(Beginning of INFORMATION SHOWN)

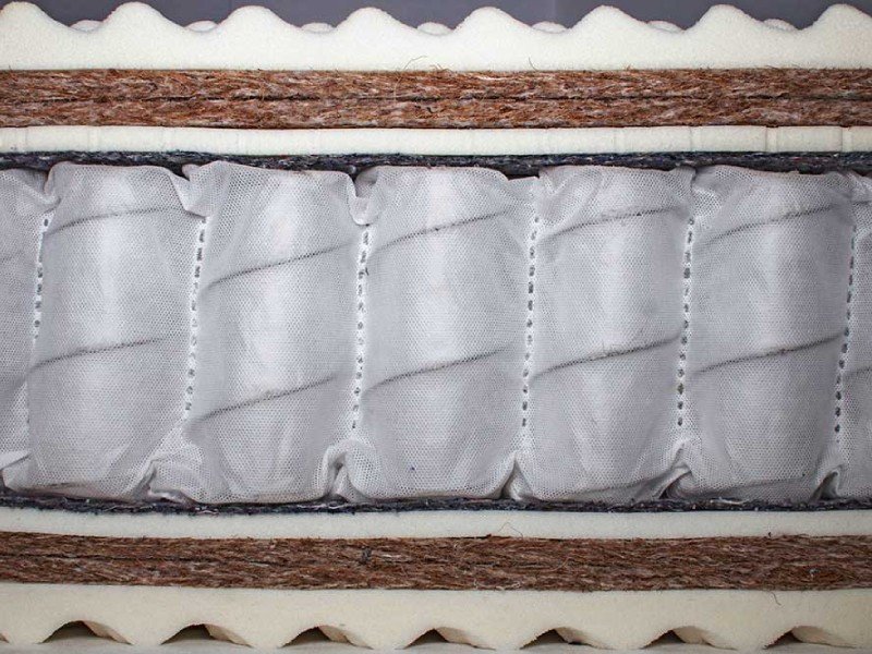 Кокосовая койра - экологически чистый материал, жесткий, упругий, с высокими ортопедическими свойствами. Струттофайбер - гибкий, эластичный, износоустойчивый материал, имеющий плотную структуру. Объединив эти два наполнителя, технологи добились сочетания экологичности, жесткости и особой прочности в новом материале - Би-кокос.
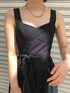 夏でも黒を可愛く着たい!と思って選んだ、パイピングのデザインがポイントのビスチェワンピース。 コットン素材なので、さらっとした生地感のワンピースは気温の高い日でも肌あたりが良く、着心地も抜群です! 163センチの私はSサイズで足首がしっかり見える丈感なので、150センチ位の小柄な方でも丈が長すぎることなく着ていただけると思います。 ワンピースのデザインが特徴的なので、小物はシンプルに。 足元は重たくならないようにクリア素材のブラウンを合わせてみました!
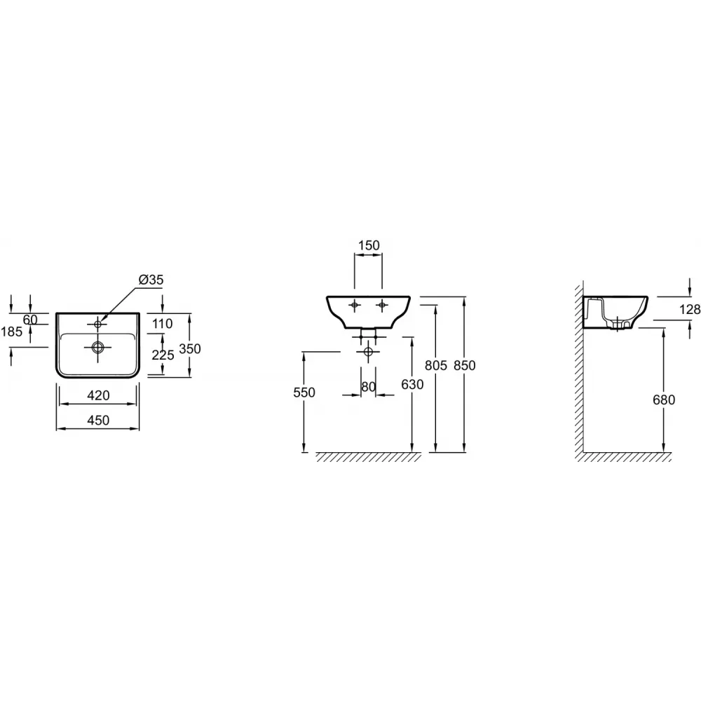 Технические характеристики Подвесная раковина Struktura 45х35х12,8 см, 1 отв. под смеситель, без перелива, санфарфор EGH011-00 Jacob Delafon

(End of INFORMATION SHOWN)

WHAT IS NEEDED: Leaving the pictures out, output each line of the listing exactly.

SOLVED EXERCISE:
 Кокосовая койра - экологически чистый материал, жесткий, упругий, с высокими ортопедическими свойствами. Струттофайбер - гибкий, эластичный, износоустойчивый материал, имеющий плотную структуру. Объединив эти два наполнителя, технологи добились сочетания экологичности, жесткости и особой прочности в новом материале - Би-кокос.
 夏でも黒を可愛く着たい!と思って選んだ、パイピングのデザインがポイントのビスチェワンピース。 コットン素材なので、さらっとした生地感のワンピースは気温の高い日でも肌あたりが良く、着心地も抜群です! 163センチの私はSサイズで足首がしっかり見える丈感なので、150センチ位の小柄な方でも丈が長すぎることなく着ていただけると思います。 ワンピースのデザインが特徴的なので、小物はシンプルに。 足元は重たくならないようにクリア素材のブラウンを合わせてみました!
 Технические характеристики Подвесная раковина Struktura 45х35х12,8 см, 1 отв. под смеситель, без перелива, санфарфор EGH011-00 Jacob Delafon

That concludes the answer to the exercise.